Work item: In the records below, find the line with "Корм для собак", then retype it and every following line exactly, stopping after the line with "و اما پشت کار". Leave the pictures out.

(Saved data entries)
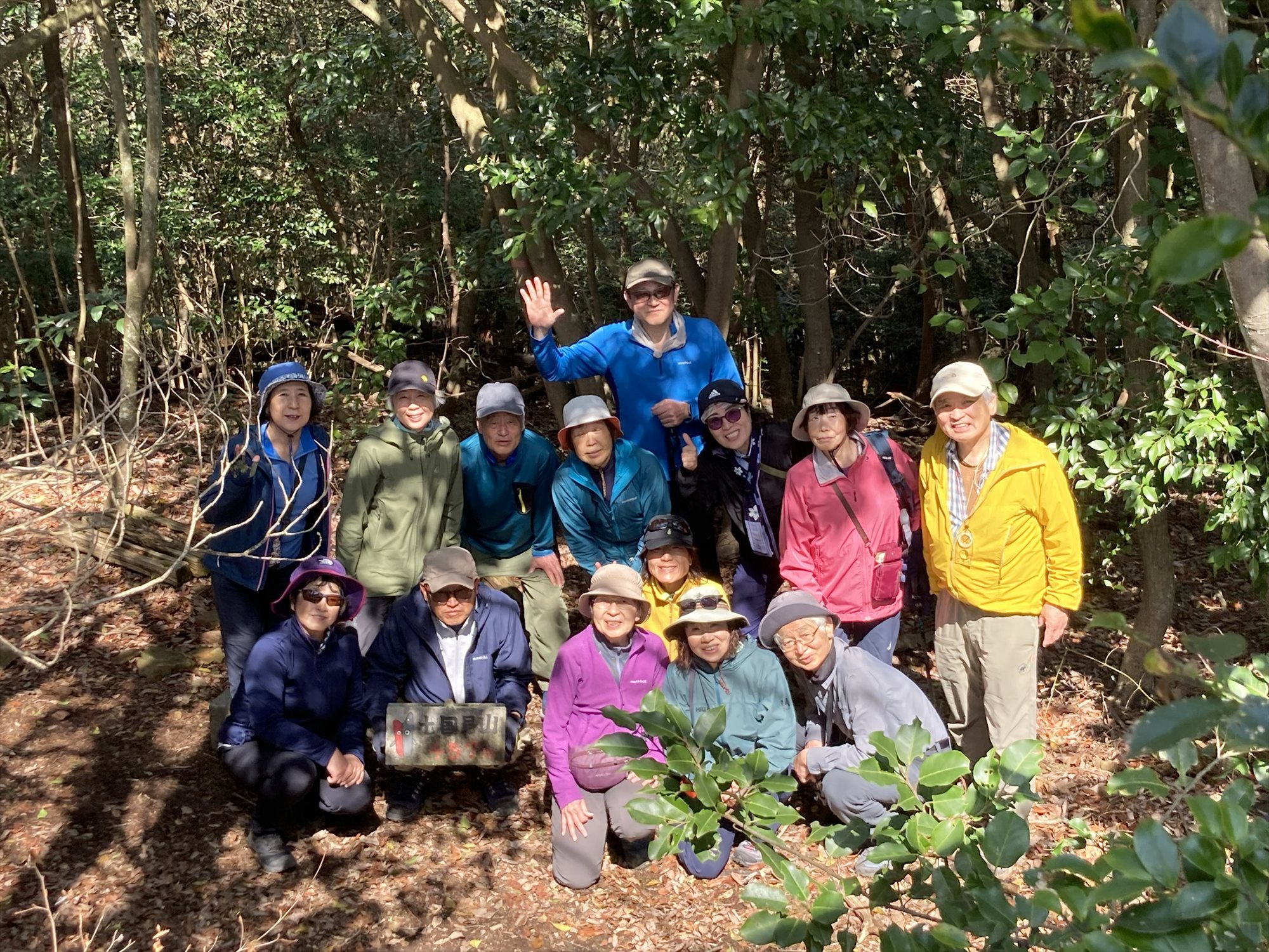 天気は晴朗であったが風が強く、瀬戸内では珍しく白波が立っていた。 営農センターバス停から登山口までは約1.8kmの車道歩き。 「家はたくさんあるけど人影が見えないねぇ〜」などと話しながら進む。 途中の果樹園で、収穫作業中の男性と若者3人ほどに挨拶をすると、「どこに行かれます?」と声をかけられ、「七国見山を縦走して田戸まで歩きます」と答えると、「形は悪いけど持っていって。 無農薬の樹上完熟だよ」と、コンテナいっぱいのデコポンを差し出してくださった。 参加者全員が2〜3個ずついただいても半分以上残るほどの量で、コンテナごと持っていくわけにもいかず、丁寧にお礼を述べて果樹園を後にした。心温まるご厚意に感謝。 登山口の蒲刈ウォーキングセンターは呉市農林水産課の所管で、登山者のために8時30分〜17時までトイレを開放しているとのこと。こちらにも感謝したい。
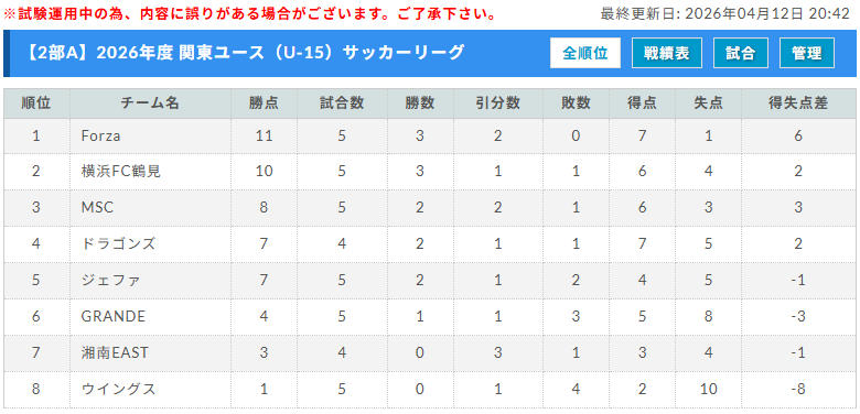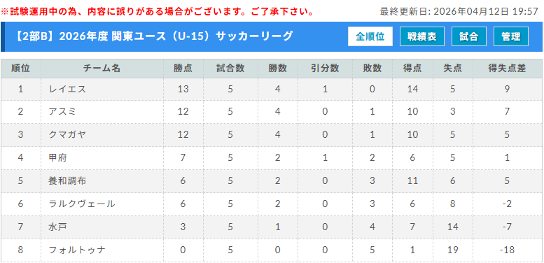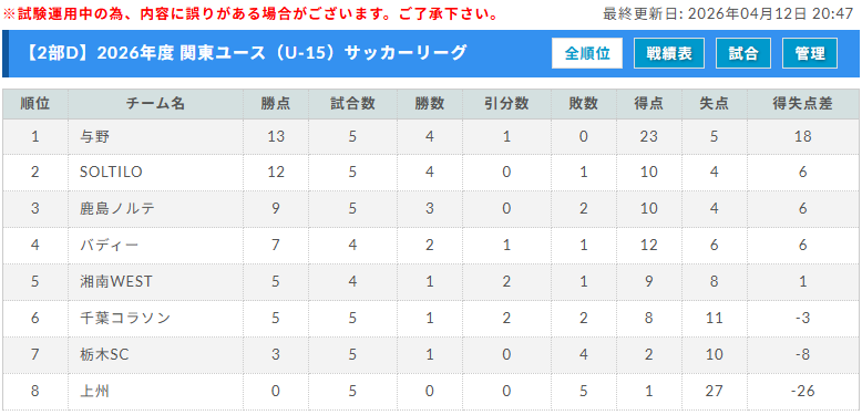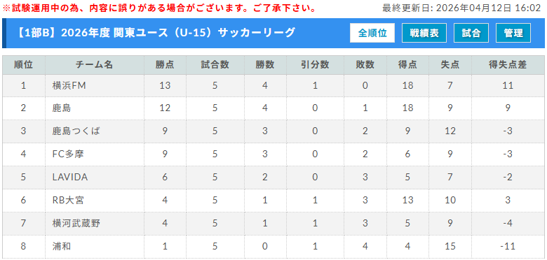 関東U-15L 2部 Aブロック 4/12分まで更新
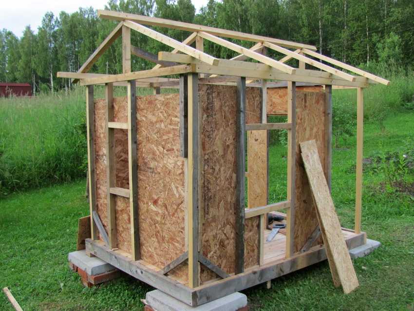 - Возведение стен. Готовый укрепленный каркас обшивают пиломатериалами. Для этого применяют широкие доски или плиты ДСП, которые сверху обшивают фанерой. При желании с помощью пенопласта производят внутреннее утепление стен.
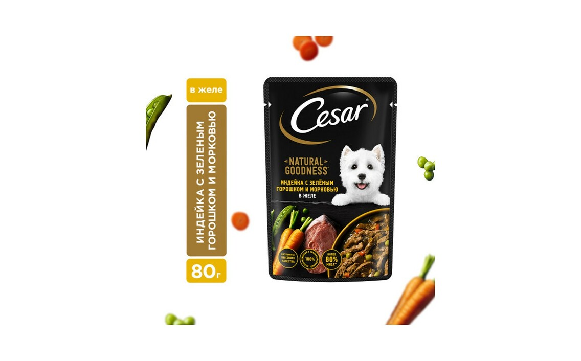 Корм для собак Cesar индейка с горохом и морковью в желе пауч 80гСер. номер: 5684546345394648478
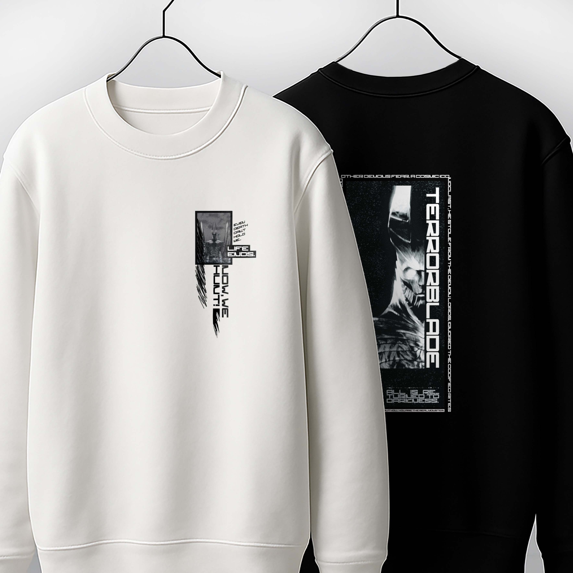 و اما پشت کار یک کادر عمودی که تصویری بزرگ تری از تروربلید رو با همون افکت ها و سایههای خاص، تایپو گرافی های دور کادر و فضای دارک می بینیم...
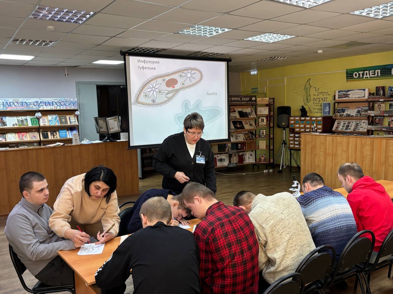 Библиотекари смогли открыть гостям невидимую глазу вселенную микромира, пробудить интерес к биологии и развить познавательную активность в доступной и увлекательной форме. Программа была составлена специально для гостей библиотеки. На слайдах демонстрировались фотографии различных предметов и растений под микроскопом. Был показан развивающий фильм с викториной. Затем последовало раскрашивание контурных изображений простейших организмов: инфузории–туфельки и амебы. Для раскрашивания использовались яркие карандаши и фломастеры, попутно библиотекарь рассказывала об особенностях строения этих организмов. Сочетание визуальной презентации и творческой деятельности позволило гостям мероприятия получить базовые представления о микроорганизмах и методах их изучения.
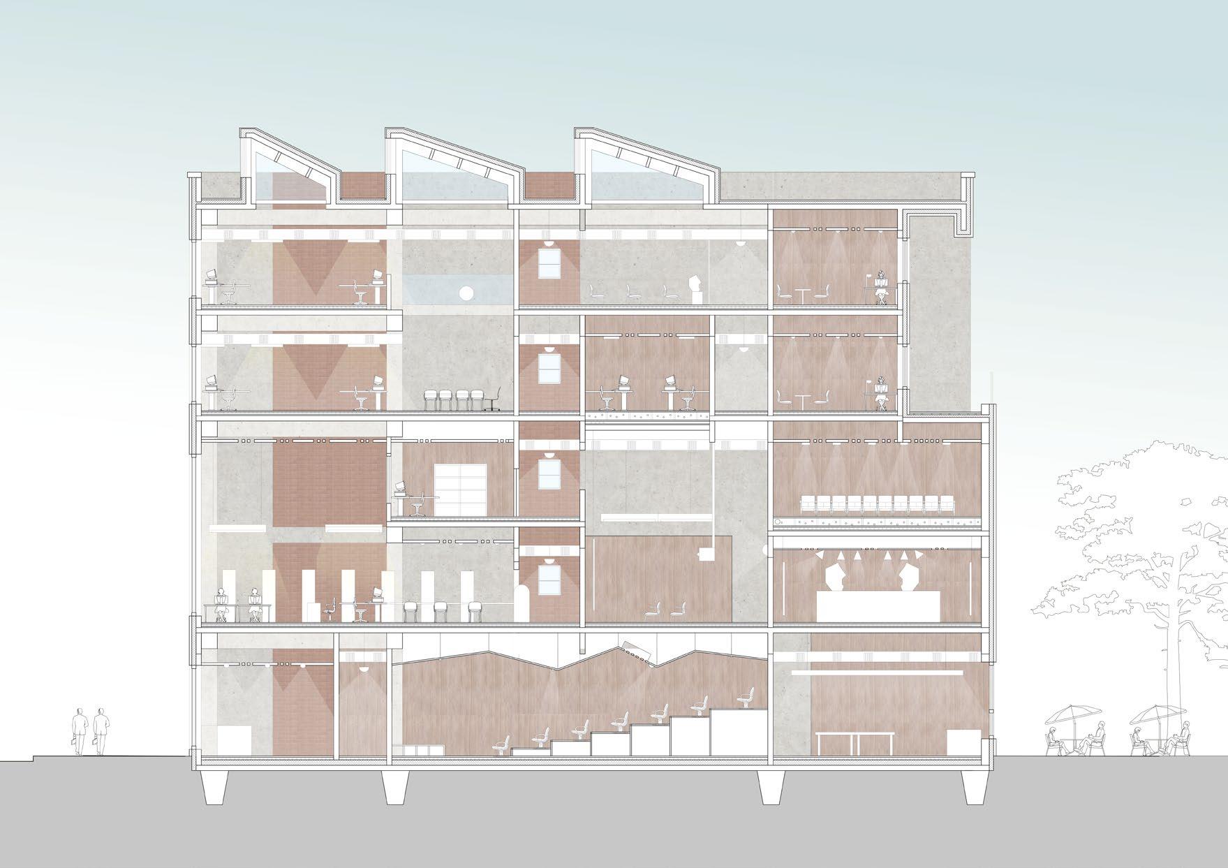 I drafted the sections/elevations in the production stage, using Rhino, photoshop.
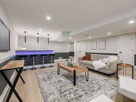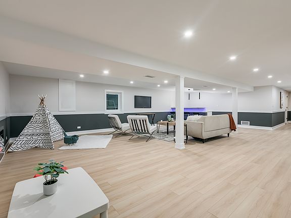 Welcome to this stunning, fully renovated waterfront ranch home, offering 4 spacious bedrooms and 2 beautifully updated bathrooms. As you enter, you'll be greeted by an abundance of natural light that fills the open-concept living area. The living room features a cozy wood-burning fireplace, seamlessly flowing into the dining area and eat-in kitchen. The kitchen is a true standout with custom white cabinetry, sleek quartz countertops, a full backsplash, and LED under-cabinet and in-cabinet lighting. It also comes equipped with top-of-the-line Samsung stainless steel smart appliances. The large master suite includes a luxurious ensuite bathroom and a private laundry room for added convenience. Both bathrooms are designed with modern vanities, quartz countertops, rainfall showerheads, and elegant European tile work. The first floor also boasts beautiful oak hardwood floors, recessed lighting, and generous closet space throughout. The finished basement offers a large family room with a wet bar, making it an ideal space for entertaining. The basement also features the additional laundry room along with more storage space! Additional features include a 2-car attached drywalled garage. This home falls within the boundaries of award-winning schools, and convenient access to schools, shopping, and transportation.This home truly has it all-schedule your private showing today to experience it in person!
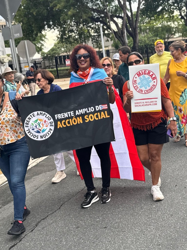 Los manifestantes también reclamaron el derecho a permanecer en las comunidades y en el país, ante medidas que excluyen y limitan el desarrollo y permanencia de cientos de miles de personas puertorriqueñas.

Written solution:
 Корм для собак Cesar индейка с горохом и морковью в желе пауч 80гСер. номер: 5684546345394648478
 و اما پشت کار یک کادر عمودی که تصویری بزرگ تری از تروربلید رو با همون افکت ها و سایههای خاص، تایپو گرافی های دور کادر و فضای دارک می بینیم...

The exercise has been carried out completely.